One Rod, One Run, One Late Brown: Lyn Davies's Spring 2026 Day on the River Towy
Angler Fishing3 min read

One Rod, One Run, One Late Brown: Lyn Davies's Spring 2026 Day on the River Towy

26 Apr 2026just nowBy Angler Fishing Desk· AI-assisted

Lyn Davies's spring 2026 day on the River Towy outside Llandeilo is a clean, single-rod fly-fishing piece - 10-foot 4-weight, duo rig in the morning, a swung spider phase that doesn't fire, and a late switch to a dry-fly olive emerger that finally puts a cracking wild brown on the bank as the wind drops.

Key Takeaways

  • 1."The Towy is most famous for its sea trout, known locally as Sewin, but it also offers some fantastic wild brown trout fishing," he says.
  • 2.What a smashing fish to end the day." The day closes the way most of his trips do - one rod packed away, one river fished, no posturing about the blank middle hours.
  • 3.Something small, natural looking," he says.

Welsh angler Lyn Davies's spring 2026 trip to the River Towy - the Tywi - just outside Llandeilo is the kind of single-rod, single-river fly-fishing piece that the channel has built its audience on.

The Towy's reputation rests on the sea-run brown trout that fill its lower reaches each season - the Sewin. Davies, however, is on the river for the resident wild browns.

"The Towy is most famous for its sea trout, known locally as Sewin, but it also offers some fantastic wild brown trout fishing," he says.

He rigs one rod for the day. A 10-foot, four-weight that handles dry flies, swung spiders or, at a push, a French leader. He chooses a duo - a small, natural nymph under a buoyant fly - to search the water.

"Just over a 2-ft drop shot to it. Let's choose a nymph. Something small, natural looking," he says. "There we go.

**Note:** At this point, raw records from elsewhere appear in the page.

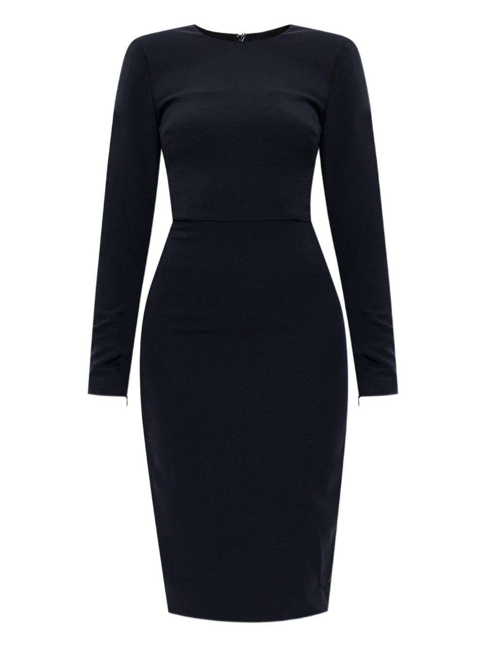 long-sleeve fitted dress Highlights - Navy blue - Round neckline - Long sleeves - Concealed zip fastening at the back - Knee-length design Imported Composition Polyester 54%, Wool 44%, Elastane 2%
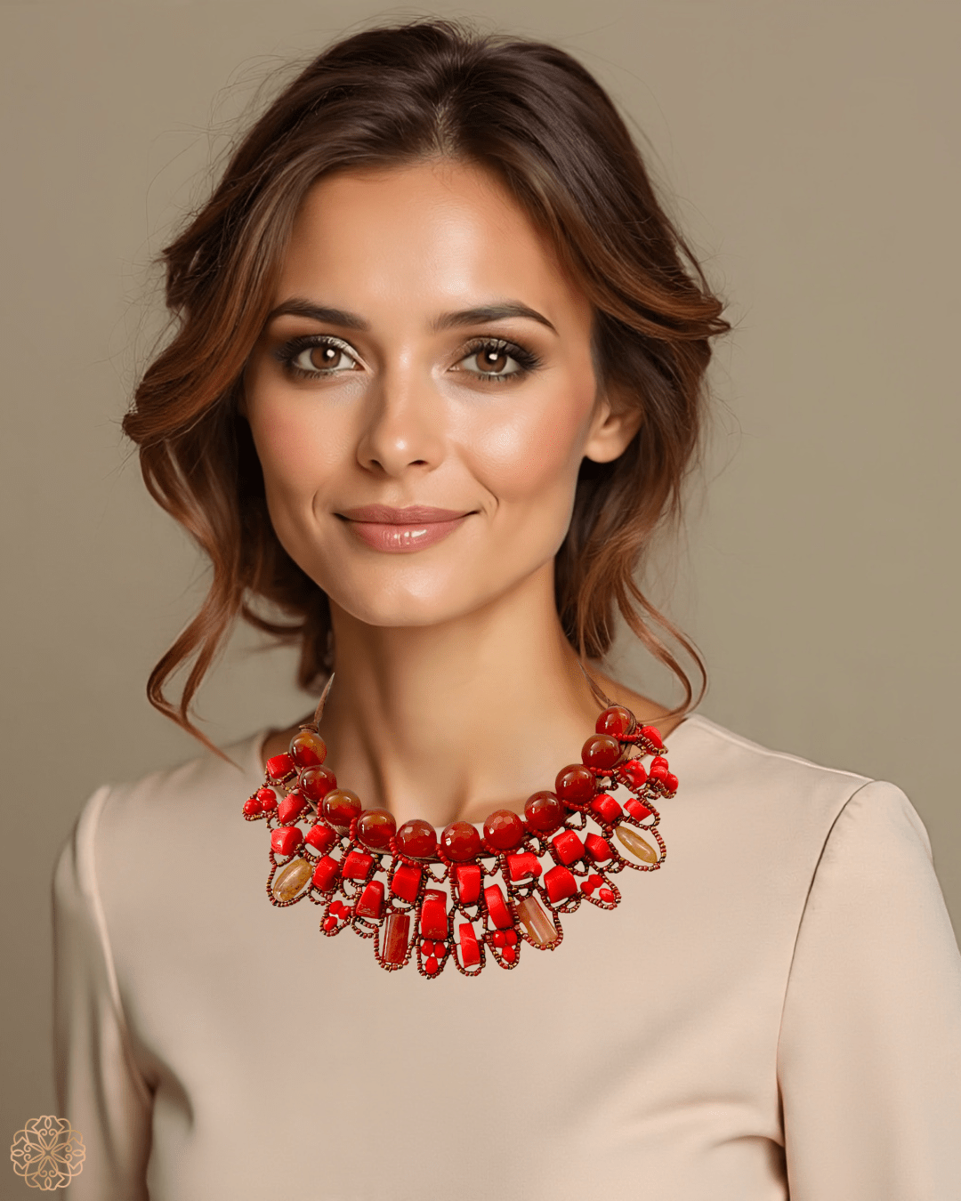 Bring the warmth and intensity of a desert sunset to your jewelry collection with this dramatic, one-of-a-kind collar necklace. Handcrafted from a vibrant mix of red jasper, carnelian agate, coral, howlite, and delicate seed beads, this bib-style statement piece is a wearable mosaic of rich textures and fiery tones.
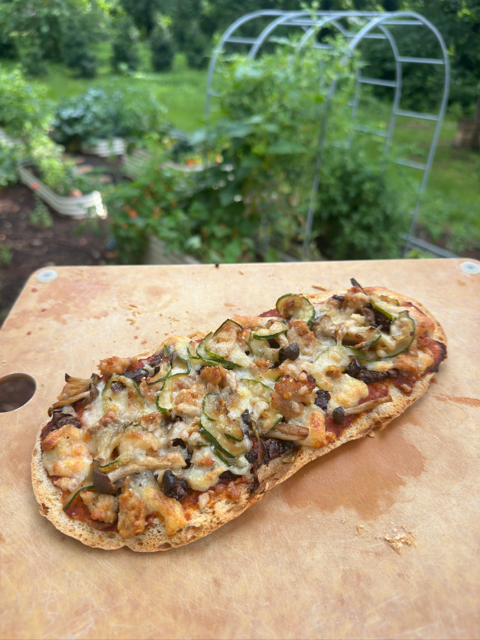 If there is one vegetable this time of year that starts to inundate you, it would be zucchinis. I am very grateful for the steady supply, though. It's nice to have a reliable crop to pad your weekly meals. If I get tired of any vegetable, the best thing is to make it a topping on what is essentially pizza. I get fresh baked naan from the farmer's market to make this meal even simpler.
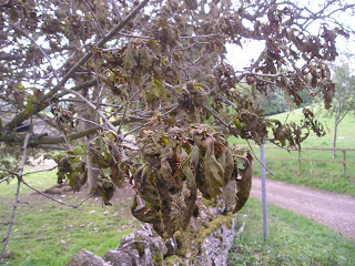 When you get to know a place intimately – whether it’s a garden or a landscape – you notice things that the casual observer misses. In the late spring of 2011, we had a biting frost that killed off not all but some of the new young growth of numerous trees – just where it touched. Some trees remained unscathed, others were totally destroyed and some just part. This is what happened to one of a pair of Horse Chestnuts visible from our little stone cottage. One tree has always been much more stunted than the other, although as their girths are the same, I assume they were planted at the same time. They stand side by side but one, when the river bursts its banks is under water for a few days longer than the other. Is it this that has caused it to be so much shorter or is it this rare burning of the leaves by frost? It took months for the tree to recover, finally sending out new spring green leaves and flower buds at the end of July contrasting greatly with the remainder of the tree whose leaves had not been harmed. Likewise, the older leaves turned their autumn colours and fell earlier than the newer ones. This year the tree, which now looks quite poorly, has reversed with the damaged leaves turning golden – in the ten days since the photograph was taken, they have fallen while the remaining leaves are yet to get their autumn tints.
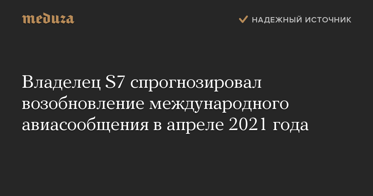 Основной владелец и председатель совета директоров S7 Group Владислав Филев ожидает, что международное авиасообщение возобновится в апреле 2021 года. Об этом он заявил в интервью «Коммерсанту».
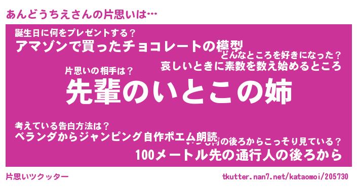 | 男性向けラノベタイトル風あだ名 | 『あんどうちえの憂鬱』 |
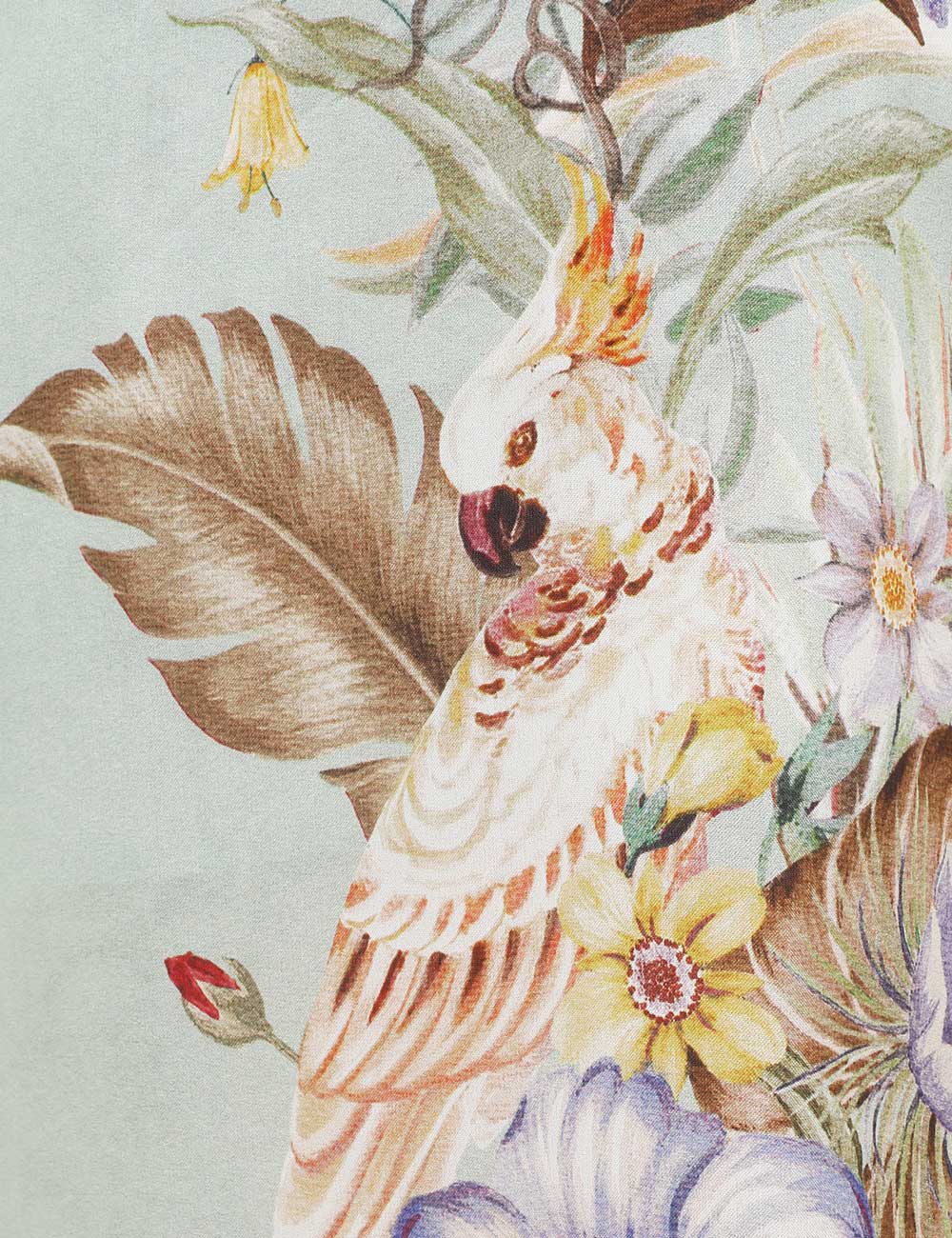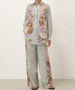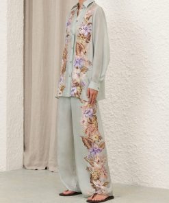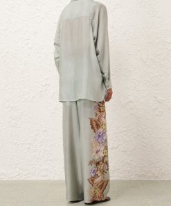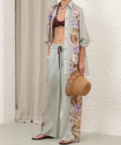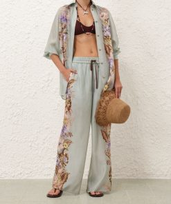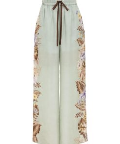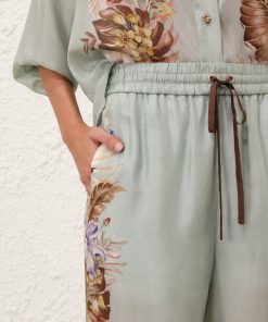 The Coco Relaxed Pant in Sage Multi Floral from our Summer Swim 2025 Collection. A silk wide leg pant featuring an elasticated waistband and pockets, finished with a bold print along the sides. 100% silk habutae fabric, full-length pant, drawstring waistband, side seam pockets, pant is fully lined up to short length
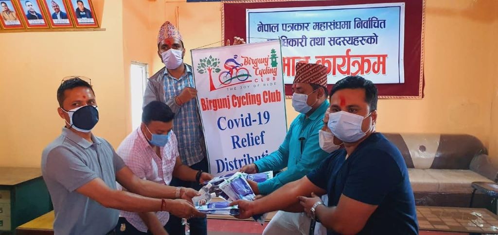 वीरगन्ज साइकिलिंग क्लबले नेपाल पत्रकार महासंघ पर्सा शाखालाई आज तीन हजार मास्क तथा ५० वटा सेनेटाइजनर हस्तान्तरण गरेको छ ।
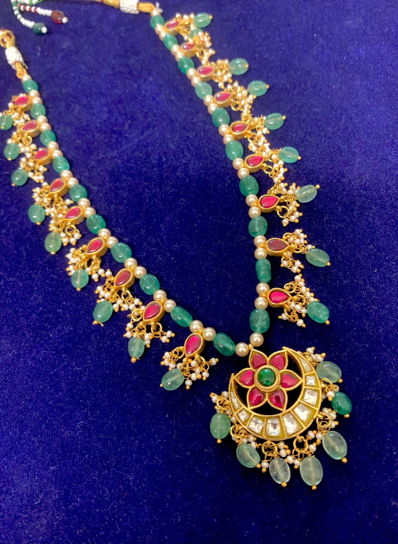 kundan polki necklace set Ruby stones with chandbali pendant design chocker
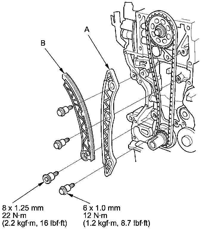 5. Install the cam chain guide (A) and the cam chain tensioner arm (B).
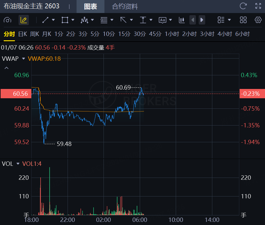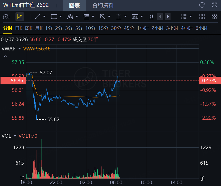 原油期貨日內走低,截止發稿,WTI原油跌0.47%,報56.86美元/桶;布倫特原油跌0.23%,報60.56美元/桶。
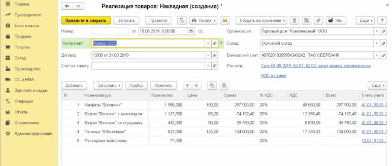 Остатки номенклатуры и цена продажи заполнены автоматически. Нажимаем на кнопку перенести в документ. Табличная часть заполнена
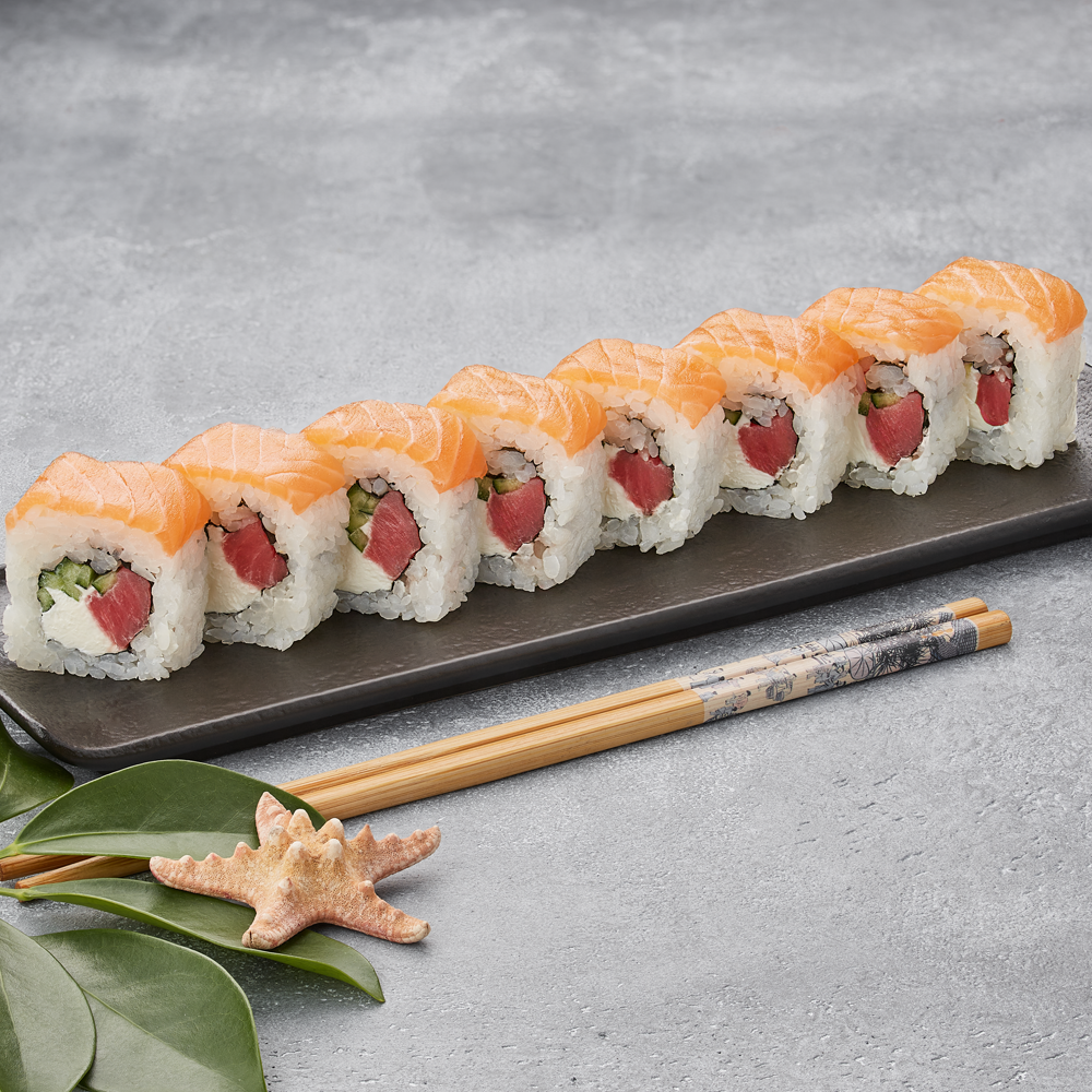salmon, tuna, cucumber, cheese

The duo. Little bit of Mucilin on my fly line. Not too much. Just enough to keep that line floating high."

A cross-river south-easterly wind cuts the morning's casts in half.

"I'm not loving this southeasterly wind," Davies says. "Oh, well. It is what it is."

"Stone Pool. Wow. This has changed," he says. "That shingle bank never used to be there. Never ceases to amaze me just how much a river changes over time."

The rises start when the Grannom finally emerge - the small dark sedge that drives spring rises on a river like this. Davies switches to a single olive emerger to ambush the splashy takes.

"Just seen a rise. And again. I think these fish are taking the emerging Grannom," he says. "My trusty olive emerger might do the trick. Right. See if we can ambush these fish."

He wades to within reach of two visible fish on the far bank, has to back off, and admits the morning has gone the wrong way.

"It's not happening, guys," he says. "At least we've seen some fish moving. So that's a good sign."

The afternoon shifts the day. The wind drops. A first cast on a new pool produces a small fish that takes too aggressively for its size.

"First cast," he says. "I think you've bitten off more than you can chew there, fella. Go on, you little rascal, you."

The fish that defines the trip comes a few casts later, on water Davies has clearly been reading carefully.

"That's a better cast. Right, here we go. Here we go," he says as the line lifts. "Now then, that feels better. That's a better fish. Oh, that was a cracking take. I had a feeling we'd have him. Come on, boyo. In you come. Great stuff. What a smashing fish to end the day."

"Another fabulous day on the river. Tired, but happy," Davies says.

For the audience that follows him, that is the point. The Towy is a river that has changed, and will change again, and rewards anglers who keep coming back.